経験談からですが、高価な機械に手を出してしまうと、オーバーホールへの熱意に比例して精度が出せないとおさまりが付かなくなってしまうということがあり得ます。
まさに時計に夢中になり「時計に時間を奪われる」という笑えない事態になりかねません。
時計のオーバーホールをすることの目的が、自分で機械の整備をした腕時計を身につけ持ち歩くことに機械好きまたは時計愛好家としての喜びを感じるのなら、その機械は高級時計の機会である必要ありません。
考え方の一例ではありますが、ことオーバーホールという作業においては時計そのものの価値に拘り過ぎるより、自分で作業できたとう達成感のほうに視点を置いた方が楽しさは増すことでしょう。

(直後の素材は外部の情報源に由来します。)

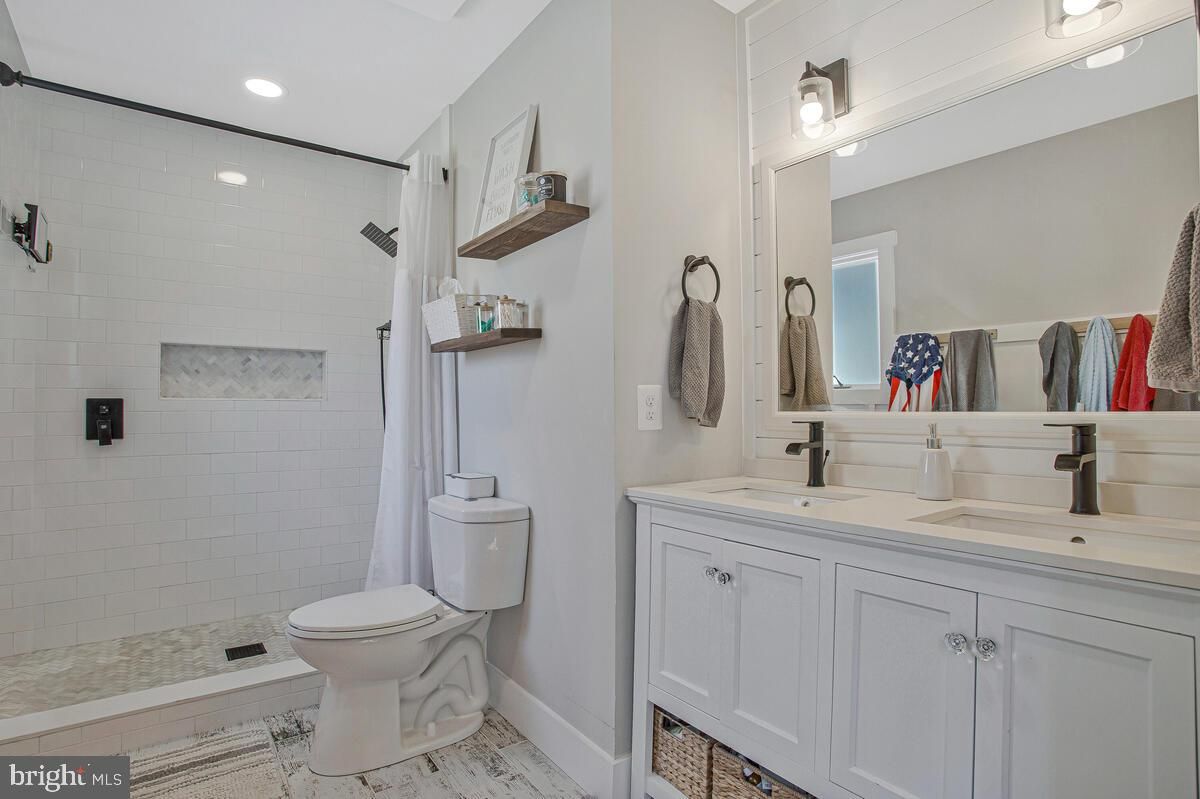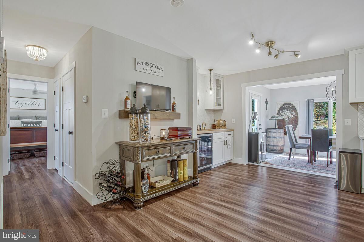 A Diamond in Dunkirk! This updated rambler perfectly blends modern style with timeless craftsman charm. Step into the light-filled family room, where a cozy wood stove, luxury vinyl plank flooring, and custom trim create a warm, inviting atmosphere. The gourmet eat-in kitchen is a true centerpiece, featuring extended quartz countertops, spacious pantry, double wall ovens, stainless steel appliances, a stylish backsplash, and a convenient wet bar with beverage refrigerator. Just off the kitchen, the morning room opens to a maintenance-free deck overlooking the beautifully landscaped backyard. The expansive owner’s suite is a private retreat, complete with a walk-in closet with custom built-ins and a spa-inspired bath boasting double vanities, a spacious walk-in shower, and floor-to-ceiling tile. Direct access to the deck adds everyday convenience. The main level also offers a remodeled full bath and an additional spacious bedroom. The fully finished walk-out basement extends the living space with two more bedrooms, an open recreation room, and a charming laundry room with designer tile and built-in storage. Outside, the freshly painted exterior and wide-open yard create a welcoming first impression, while professional landscaping adds beauty and curb appeal. Two driveways, a oversized detached 27x25 garage, and a versatile entertainment space make this property ideal for gatherings, hobbies, or simply enjoying the outdoors. Peace of mind comes with all major updates already completed—newer roof, HVAC, windows, lighting, and plumbing fixtures throughout. All this in a prime location with easy access to Joint Andrews, Washington D.C., Annapolis, Baltimore, and endless shopping and dining options. This Dunkirk gem offers the perfect blend of comfort, convenience, and style—ready for you to call home.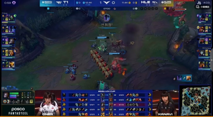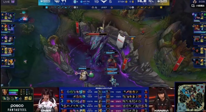 第二局:HLE上野合砍0-8Faker塞拉斯+Oner赵信勇猛无敌T1扳平比分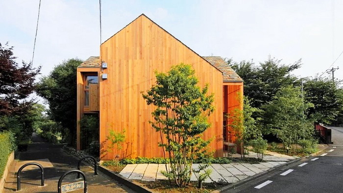ลักษณะบ้านขนาดสองชั้น ผนังภายนอกตกแต่งด้วยงานไม้ทั้งหลังเนื้อไม้ให้ความเรียบง่ายไม่เน้นรายละเอียดปลีกย่อย ให้โทนสีน้ำตาลอ่อน สร้างบรรยากาศที่อบอุ่นสบายตา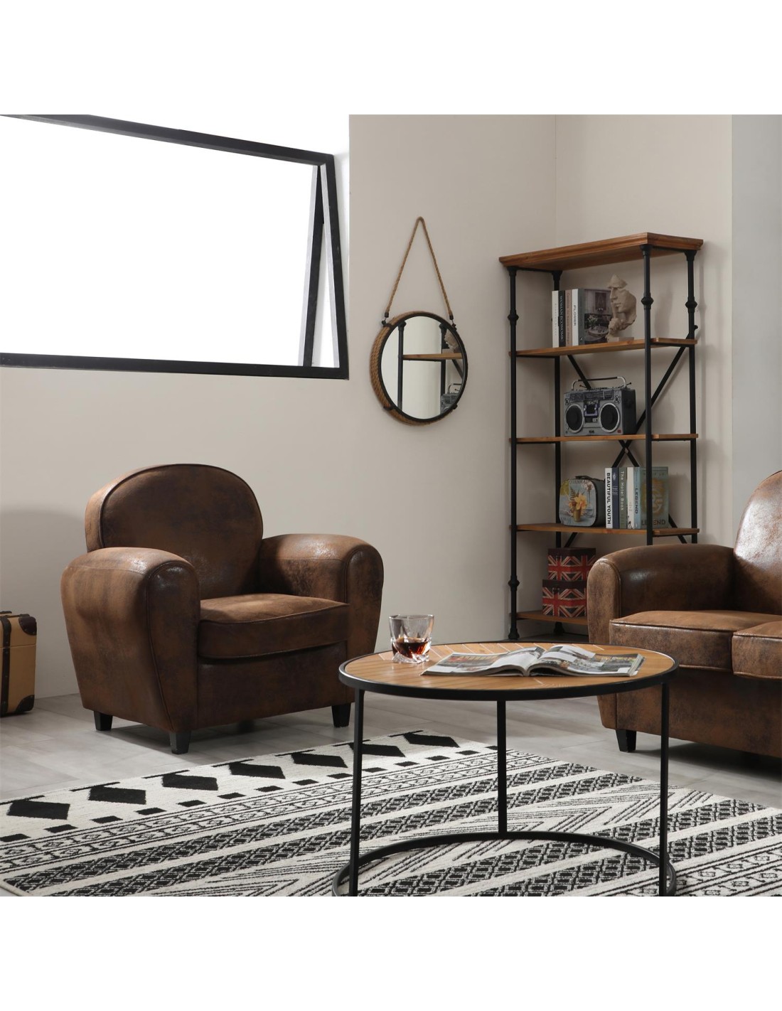 Caractéristiques sur le Fauteuil Club Bistrot Marron Home Deco Factory :
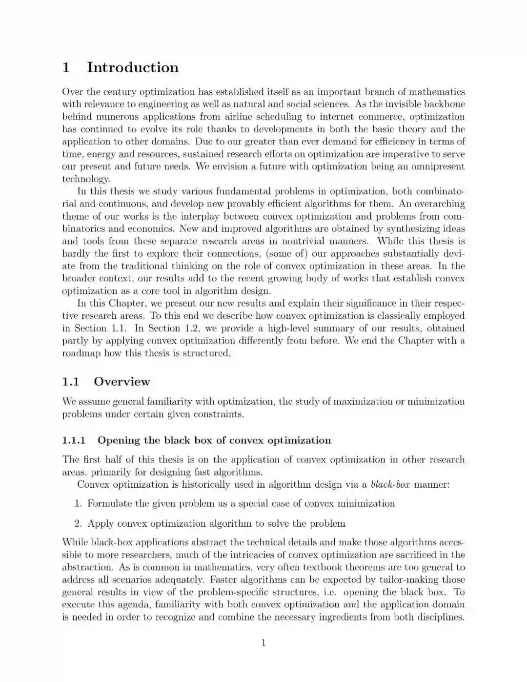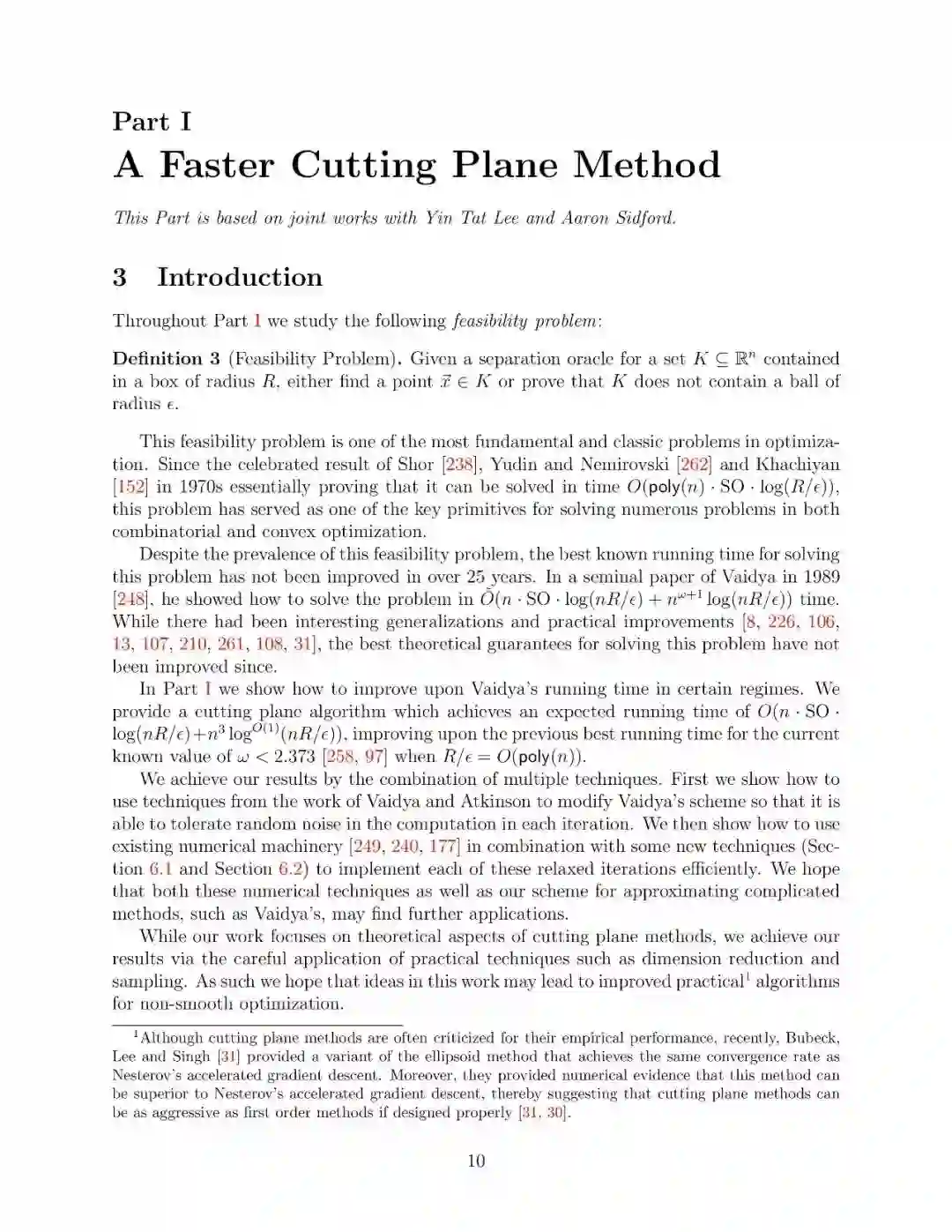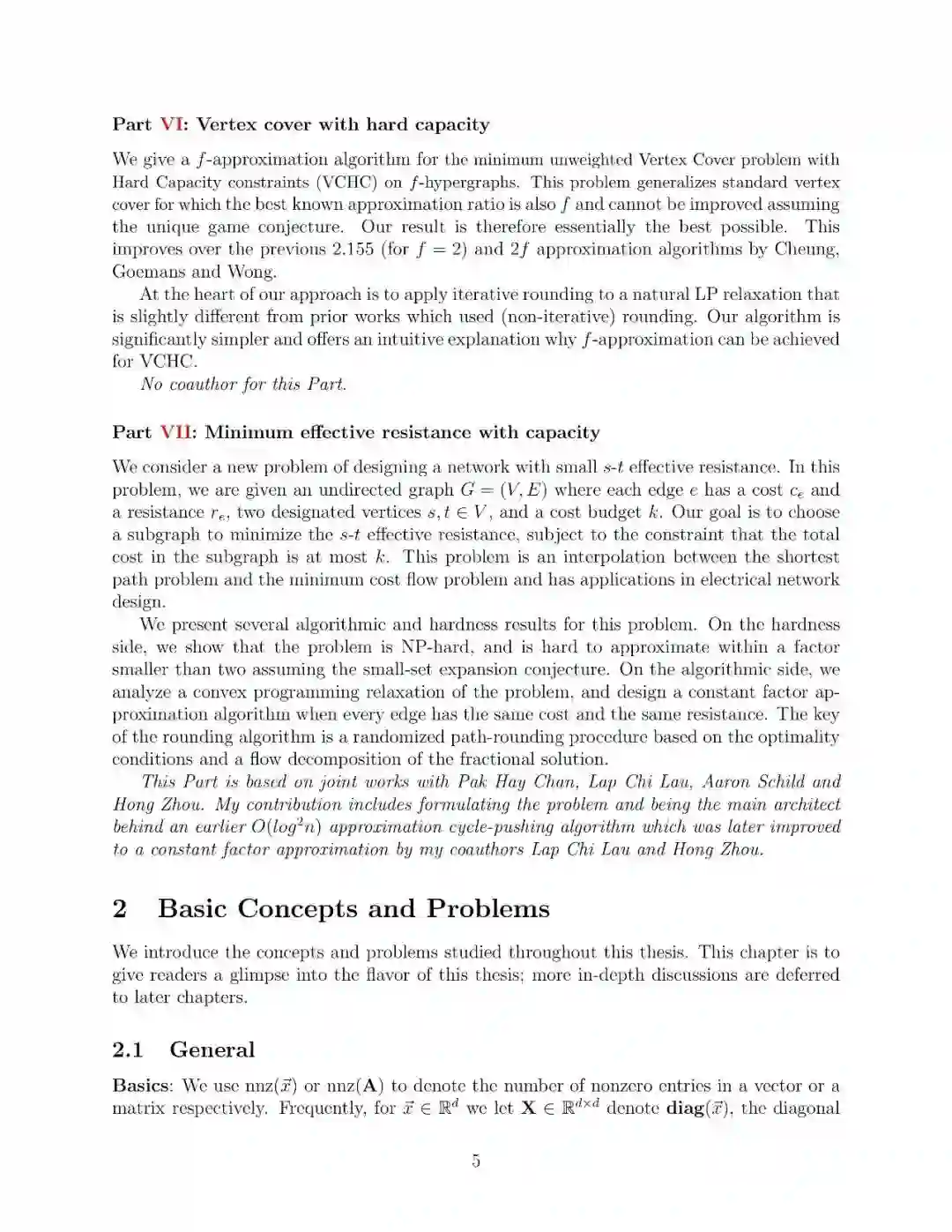 在过去的一个世纪里,最优化已经成为了数学的重要分支,它与工程、自然和社会科学息息相关。作为重要的组成部分,从航空公司的调度到互联网商务,众多应用场景中均隐藏着最优化的影子,随着基础理论的发展,它将持续在多个领域发挥作用。由于现代社会,对于效率的要求要比以往任何时候都要高,因此对优化问题的持续研究至关重要。我们设想在未来,优化技术将无处不在,在本文中,我们研究了优化中的各种基本问题,组合与连续,并开发了新的可被证明的算法。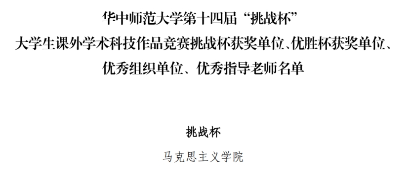 马克思主义学院讯(通讯员 方思佳)近日,校团委发布《关于表彰第十二届“挑战杯”中国大学生创业计划竞赛优秀组织单位、优秀指导教师、先进工作者和先进个人的决定》以及《关于公布华中师范大学第十四届“挑战杯”大学生课外学术科技作品竞赛获奖名单》。我院师生在“挑战杯”中国大学生创业计划竞赛中荣获国赛银奖1项,省赛银奖2项、铜奖1项,并获评“优秀组织单位”;在华中师范大学第十四届“挑战杯”大学生课外学术科技作品竞赛中获得特等奖1项、二等奖4项、三等奖3项。学院夺得竞赛最高奖项“挑战杯”。
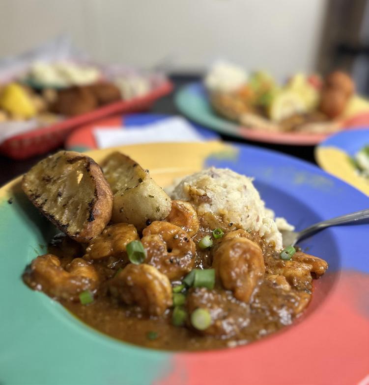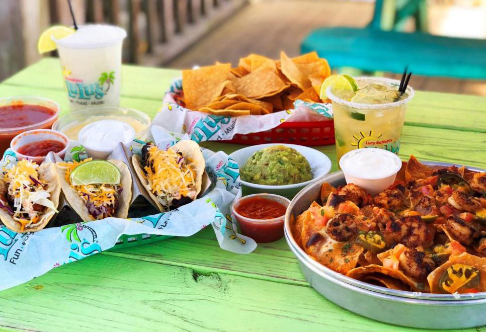 From their spectacular Paradise Burger and fries to sh sandwiches, mini shrimp spring rolls, and delicious salads, to their just right fried sh or shrimp baskets, you’re sure to nd something ideal for anyone in your party at The Paradise. They’re open for lunch and dinner, but beware, as it’s not dif cult to go for lunch and still be there basking in music, sun, and fun at dinner. This is especially true if you partake in their famous Paradise Bushwacker. Try one. You’ll see.
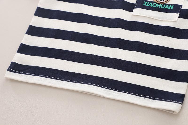 Navy blue striped denim short sleeves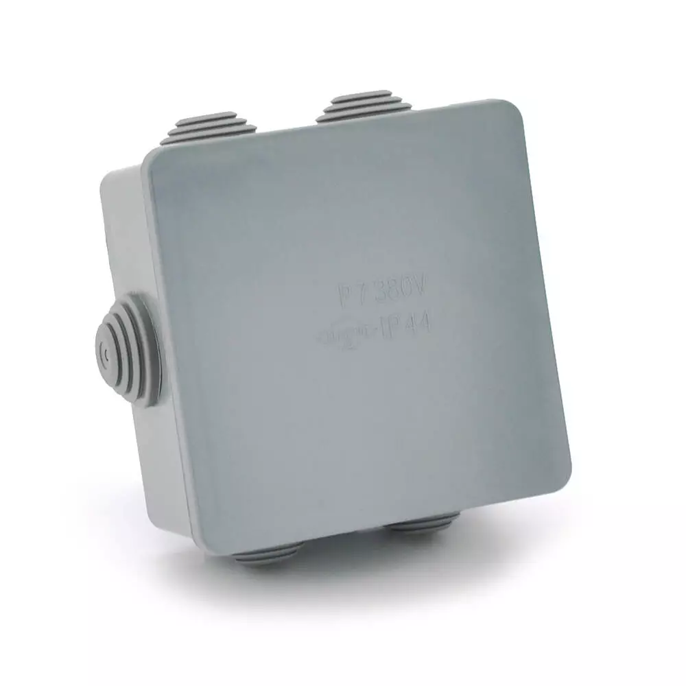 Коробка розподільна зовнішня PIPO Premium Р70 95х95х50мм; IP55; пластик; (РР) 6 гермовводів; сіра; Q24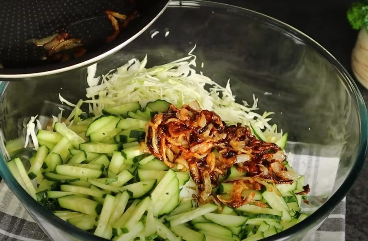 Sumaišymas: Į didelį dubenį sudėkite kopūstus, agurkus, kiaušinius ir keptus svogūnus. Pagardinkite grietine arba majonezu, įberkite druskos ir cukraus pagal skonį. Gerai išmaišykite, kad ingredientai tolygiai pasiskirstytų.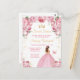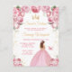 This elegant and glamourous sweet sixteen birthday invitation features a beautiful princess with brown hair in a blush pink ball gown. The text combines handwritten script and modern sans serif fonts for a classy and sophisticated look. The floral arrangements, butterfly and gold confetti create the perfect blend of rustic and chic.

SIIのNH35機械式ムーブメントのこと【NH36、38やTMIロゴなど】
途中で休止できる手段を用意しておく
オーバーホールを中断できる環境については、予定していた休日に何が何でも終わらせなければならないという焦りや不安を予防して、常に落ち着いた状態で作業に集中できるよう準備したいものです。
素人オーバーホールだけに、途中で追加のパーツを注文しなければならなくなったり、もとから充分な時間を確保できていないときには、途中まで進んだ作業をそのまま保管できる環境が欲しくなります。
時計をいじるようになってから知ったものに「伏せ瓶」というのがあります。
見ただけで、あぁ~っ と使い道が想像できてしまう品ですが、組み立てや分解途中の機械やパーツをこうした容器に入れておくことも次の機会まで作業を中断させたいときに有効でしょう。
このように、時計好きの人が自分の時計をオーバーホール(分解清掃)したいと考えたとき、知識の習得から始まり部品調達に係る手段の確保から、長期化する作業の想定と対策など「ちょっとの努力」どころでは到達できない面が多々存在するのがDIYオーバーホールの実情です。
こうしたことが楽しめるかどうかが、オーバーホールができるかどうかの判断基準になるのではないでしょうか。